Leave Pokrovskoe?  Buy land?  Become a
member of a peasant community?  Marry a peasant
girl?  How am I to set about it?” he asked
himself again, and could not find an answer. 
“I haven’t slept all night, though, and
I can’t think it out clearly,” he said
to himself.  “I’ll work it out later. 
One thing’s certain, this night has decided
my fate.  All my old dreams of home life were
absurd, not the real thing,” he told himself. 
“It’s all ever so much simpler and better…”
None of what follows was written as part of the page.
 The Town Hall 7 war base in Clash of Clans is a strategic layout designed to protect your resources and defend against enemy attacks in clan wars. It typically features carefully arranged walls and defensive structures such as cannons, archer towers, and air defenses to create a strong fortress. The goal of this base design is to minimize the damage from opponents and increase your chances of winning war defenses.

“How beautiful!” he thought,
looking at the strange, as it were, mother-of-pearl
shell of white fleecy cloudlets resting right over
his head in the middle of the sky.  “How
exquisite it all is in this exquisite night! 
And when was there time for that cloud-shell to form? 
Just now I looked at the sky, and there was nothing
in it ­only two white streaks.  Yes,
and so imperceptibly too my views of life changed!”

He went out of the meadow and walked
along the highroad towards the village.  A slight
wind arose, and the sky looked gray and sullen. 
The gloomy moment had come that usually precedes the
dawn, the full triumph of light over darkness.
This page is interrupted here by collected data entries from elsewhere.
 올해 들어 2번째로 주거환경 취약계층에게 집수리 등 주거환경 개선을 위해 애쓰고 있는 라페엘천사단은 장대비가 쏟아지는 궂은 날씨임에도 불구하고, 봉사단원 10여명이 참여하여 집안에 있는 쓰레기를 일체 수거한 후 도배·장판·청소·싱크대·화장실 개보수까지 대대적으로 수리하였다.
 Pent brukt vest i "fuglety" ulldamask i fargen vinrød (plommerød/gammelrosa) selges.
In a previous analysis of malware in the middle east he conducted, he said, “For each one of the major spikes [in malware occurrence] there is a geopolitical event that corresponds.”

Shrinking from the cold, Levin walked
rapidly, looking at the ground.  “What’s
that?  Someone coming,” he thought, catching
the tinkle of bells, and lifting his head.  Forty
paces from him a carriage with four horses harnessed
abreast was driving towards him along the grassy road
on which he was walking.  The shaft-horses were
tilted against the shafts by the ruts, but the dexterous
driver sitting on the box held the shaft over the ruts,
so that the wheels ran on the smooth part of the road.
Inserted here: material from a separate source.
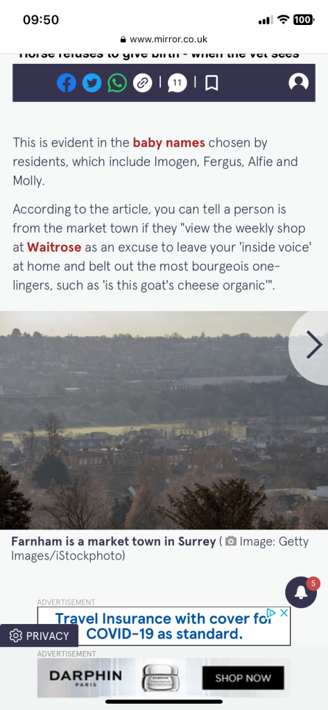 I did a bit of research into middle class living and a lot of the things that popped up online were to do with things overheard in Waitrose and the middle class families that shop there and buy middle class things such as avocados, cashmere toilet roll, all different kinds of nut milk, Quinoa etc.. to trick themselves into thinking they are much more elite than what they actually are!

This was all Levin noticed, and without
wondering who it could be, he gazed absently at the
coach.

In the coach was an old lady dozing
in one corner, and at the window, evidently only just
awake, sat a young girl holding in both hands the
ribbons of a white cap.  With a face full of light
and thought, full of a subtle, complex inner life,
that was remote from Levin, she was gazing beyond
him at the glow of the sunrise.

At the very instant when this apparition
was vanishing, the truthful eyes glanced at him. 
She recognized him, and her face lighted up with
wondering delight.

He could not be mistaken.  There
were no other eyes like those in the world. 
There was only one creature in the world that could
concentrate for him all the brightness and meaning
of life.  It was she.  It was Kitty. 
He understood that she was driving to Ergushovo from
the railway station.  And everything that had
been stirring Levin during that sleepless night, all
the resolutions he had made, all vanished at once. 
He recalled with horror his dreams of marrying a
peasant girl.  There only, in the carriage that
had crossed over to the other side of the road, and
was rapidly disappearing, there only could he find
the solution of the riddle of his life, which had
weighed so agonizingly upon him of late.

She did not look out again. 
The sound of the carriage-springs was no longer audible,
the bells could scarcely be heard.  The barking
of dogs showed the carriage had reached the village,
and all that was left was the empty fields all round,
the village in front, and he himself isolated and
apart from it all, wandering lonely along the deserted
highroad.

He glanced at the sky, expecting to
find there the cloud shell he had been admiring and
taking as the symbol of the ideas and feelings of
that night.  There was nothing in the sky in the
least like a shell.  There, in the remote heights
above, a mysterious change had been accomplished. 
There was no trace of shell, and there was stretched
over fully half the sky an even cover of tiny and
ever tinier cloudlets.  The sky had grown blue
and bright; and with the same softness, but with the
same remoteness, it met his questioning gaze.

“No,” he said to himself,
“however good that life of simplicity and toil
may be, I cannot go back to it.  I love her.”